Un chico artesano nos espera mientras realizamos el cambio de pesos colombianos en bolívares en Maicao, tomamos tres moto-taxis uno detrás de otro, cruzamos la raya (unos Km. que separan la frontera Colombia – Venezuela), nos dirigimos por carretera hacia el corregimiento de paraguachón, así se denomina este lugar, limite frontera Colombia-Venezuela.

Era ya de noche y por consiguiente habíamos perdido todo tipo de transporte, ahí mismo nos encontramos, bajamos de las motos y avanzamos al sellado de pasaportes, una vez sellados intentamos encontrar alguien que nos lleve hasta Maracaibo.

Estamos un poco nerviosos, no hay nadie, y falta un largo y complicado trecho.

En medio hay mismo esta el paso de control, a un lado de la carretera los que salen de Venezuela y hacia el otro los que entran.

Este paso fronterizo puede ser el mas complicado de todo Sudamérica, ejercito, controles aduanas, comercio bilateral, trueque continuo, alcabalas ( procedimientos militares o civiles destinados al control de transito,bien sea personas o bienes ), mas patrullas fronterizas con conos fosforescentes, silbatos, gorritas con la bandera de Venezuela, logística de armas y demás, uniformados y pesados, verificando la entrada y salida de todo o nada, también la palabra proveniente del árabe, se refería antiguamente a un impuesto que debía ser cancelado, cosa que aquí aun se mantiene, pagando tu impuesto de salida del país, un acto de presencia para que la gente crea que cuenta con vigilancia de organismos de seguridad, colas odiosas y embotellamientos que en poco o nada contribuyen a la disminución de la delincuencia.
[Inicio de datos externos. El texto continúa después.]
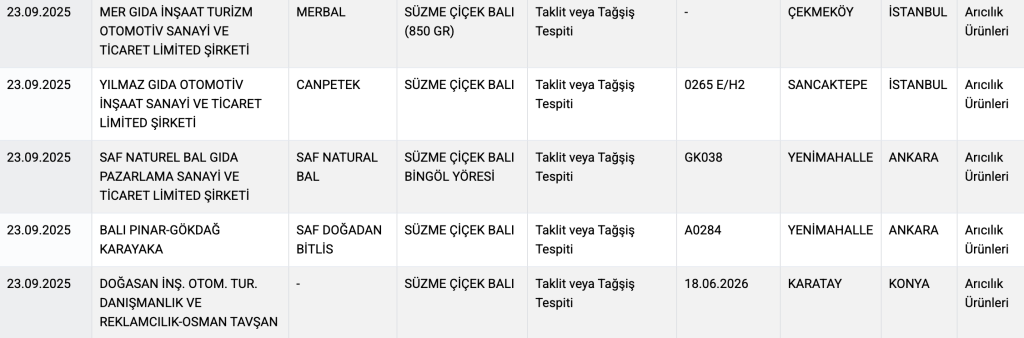 Buna göre 23 Eylül 2025’te duyurduğu ‘Taklit veya Tağşiş Yapılan Gıdalar’ listesine eklenen ballar şunlar:
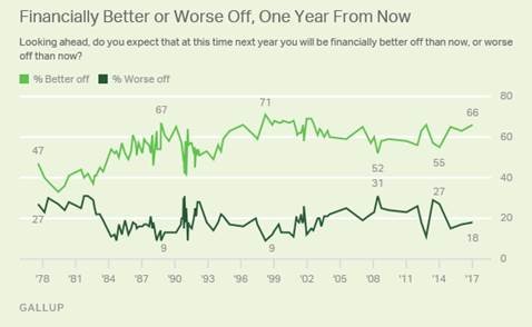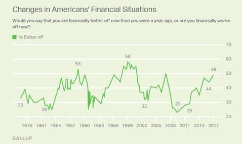 This week Gallup published their Personal Financial Assessment results, showing that “Americans are more upbeat about their personal finances today than at any time in the past 10 years.”
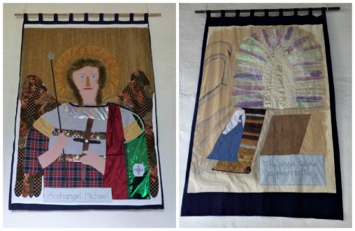 There was evidence of much love in the windows, but I still couldn’t see any reason why the place should feel so happy. There were embroideries and hanging made by the local children, so it was evidently a church still very much at the heart of its community.
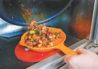 劉楊現(xiàn)場(chǎng)下單了一份干燒雙菇,炒好后,打開柜門的那一刻,香氣撲面而來(lái)?!翱隙ū任易约鹤龅暮贸?,比一些餐廳的味道也好。”劉楊說:“如果家中來(lái)客,炒3個(gè)菜帶回家,總共也就幾十元,比下館子劃算得多?!?/p>
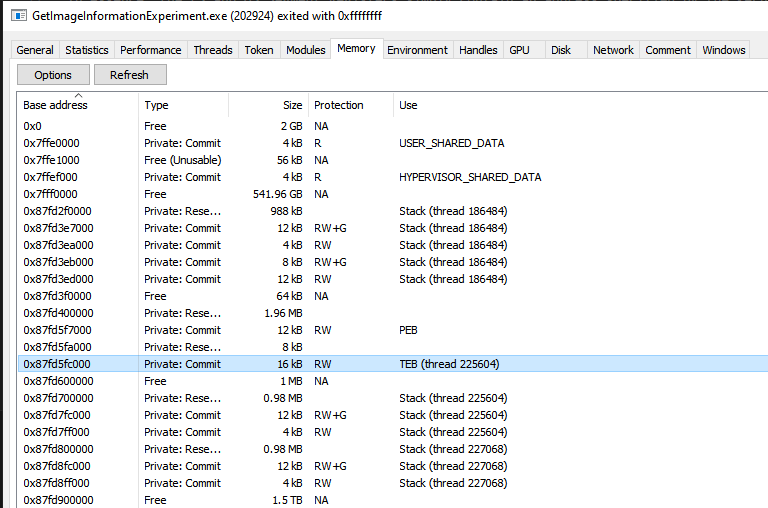 To locate the TEB in memory, we need to systematically examine the process's memory space. We can accomplish this using VirtualQuery (or VirtualQueryEx for other processes), a Windows API function that retrieves information about a region of memory. VirtualQuery acts like a memory inspector. You give it a memory address, and it returns details about that region: its size, protection level (read/write/execute permissions), state (committed, reserved, or free), and type (private, mapped, or image). Think of it as asking Windows, "What's at this address and what are its properties?"
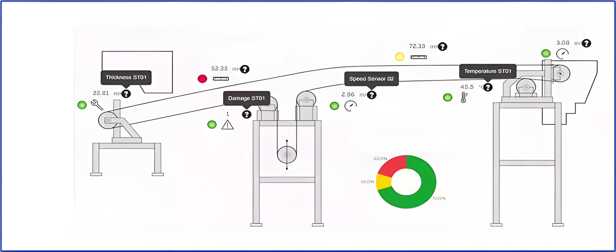 回程胶带跑偏检测和保护 在胶带回程驱动站、张紧间等胶带改向位置安装回程胶带跑偏检测装置,使跑偏信号信号数字化 ,配置电动纠偏装置 数据融合应用 通过数字化技术应用,提前预测胶带机状态,避免意外停机,改善传送带的可靠性和使用寿命。 |
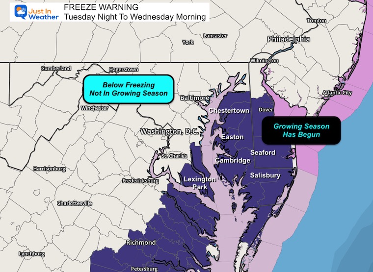 This includes Southern Maryland and Delmarva, where the growing season has begun. Although widespread temperatures below freezing will occur inland, the growing season has not been considered in progress there yet.
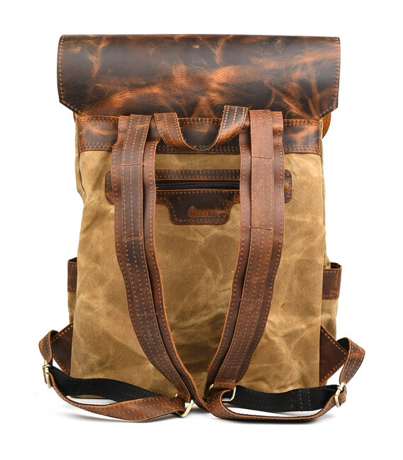 Рюкзак для ноутбука із канвас та крейзі хорс RYw-9001-4lx бренду TARWA, від українського бренду TARWA. Зручна та стильна модель для роботи або навчання. Вміщує ноутбук, документи та багато іншого. Для поїздок та подорожей теж буде корисним цей рюкзак.
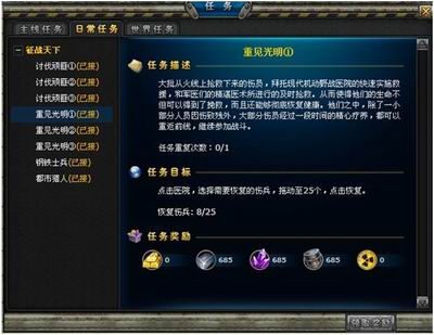 任务分为主线任务、日常任务、世界任务,主线任务主要是通过建造士兵,恢复伤员,攻打一定兵力的野地来完成;日常任务则是每天都可以完成,完成后也可以获得不少的声望和资源奖励,包括捐资源、建造士兵,提升兵力完成;而世界任务,则是关于捐献资源、购买商品的方式完成。
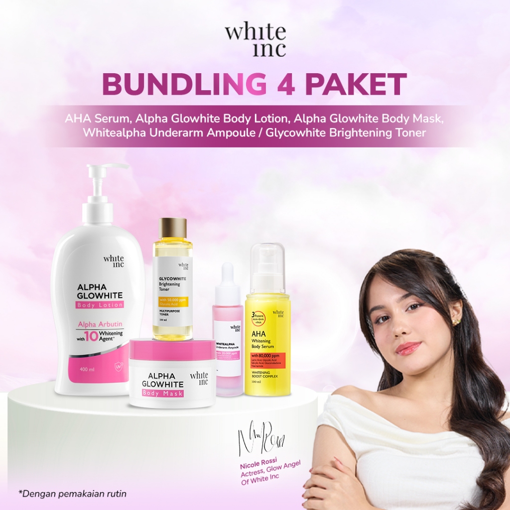 WHITE INC 4pcs paket Alpha Glowhite Body Lotion + AHA Body Serum + Alpha Glowhite Body Mask + Underarm

Nos sentamos esperando el paso de alguien que nos acerque hasta maracaibo, de noche se ve que los chicos de aduana están aburridos y no tienen nada que hacer, uno de ellos jovencito y con un flequillo que parecía tintín se acerca a nosotros, mediana estatura y un poco fofo, con mofletes de heidi, nos bombardea a preguntas absurdas, primero conmigo, y después con los demás, se lo esta pasando en grande.

Inmigración - de donde eres

yo - español

inmigración – que te trae por aquí,

yo- paseo

inmigración – ah paseo, vienes de fiesta, te gusta marihuana, ron, buen ron tenemos, no es así compañero.

Yo – la verdad ni fumo ni bebo, solo ando con mujeres.

Inmigración – ah lo juras,

yo – lo juro

inmigración – júralo con la mano en el pecho, la madre se dice.

Inmigración – lo juras, dices la verdad.

Yo – la madre

inmigración – jijiji así español la madre patria, lo juras, la madre, llama a los compañeros y continua las bromas conmigo, mas preguntas y mas lo juras, los compañeros se parten de la risa, un viejo de pelo blanco mas gordo todavía se sienta al lado mío, y empieza con mas tonterías.

Inmigración – español es así, a donde te diriges

yo – Caracas, señor

inmigración – después regresas a España

yo – no que va me quedare, hermoso país y lindas mujeres, mi papa esta con una venezolana hermosa,

inmigración – tu papa y tu mama

yo – se separaron el llego a Venezuela de turista, y ya sabe se caso con una linda mujer venezolana, lo tienen todo me habla, muy completas, son las mujeres mas hermosas del mundo, me comenta,

inmigración – lo juras

yo – la madre,

siempre con la mano en el pecho.

inmigración – el joven chico de mofletes de heidi que no aguantaba callado, se apunta al circo, sabes español, tenemos un muerto ahí en el cuarto, quieres ver, esta ahí todavía ...

yo – no gracias la verdad no voy a hablar con un muerto....

inmigración – pasa, pasa míralo no tengas miedo.

Yo – no gracias

Así pasaron un ratito entretenidos, después con Vera y el chico artesano, hasta que cansaron, mientras hablaba con ellos me dirigí al baño a esconder mi dinero en los playeros, por temor a que me limpiasen todo, mas no hubo problema, los agentes se retiraron y continuaron con su trabajo, ir a molestar a otros.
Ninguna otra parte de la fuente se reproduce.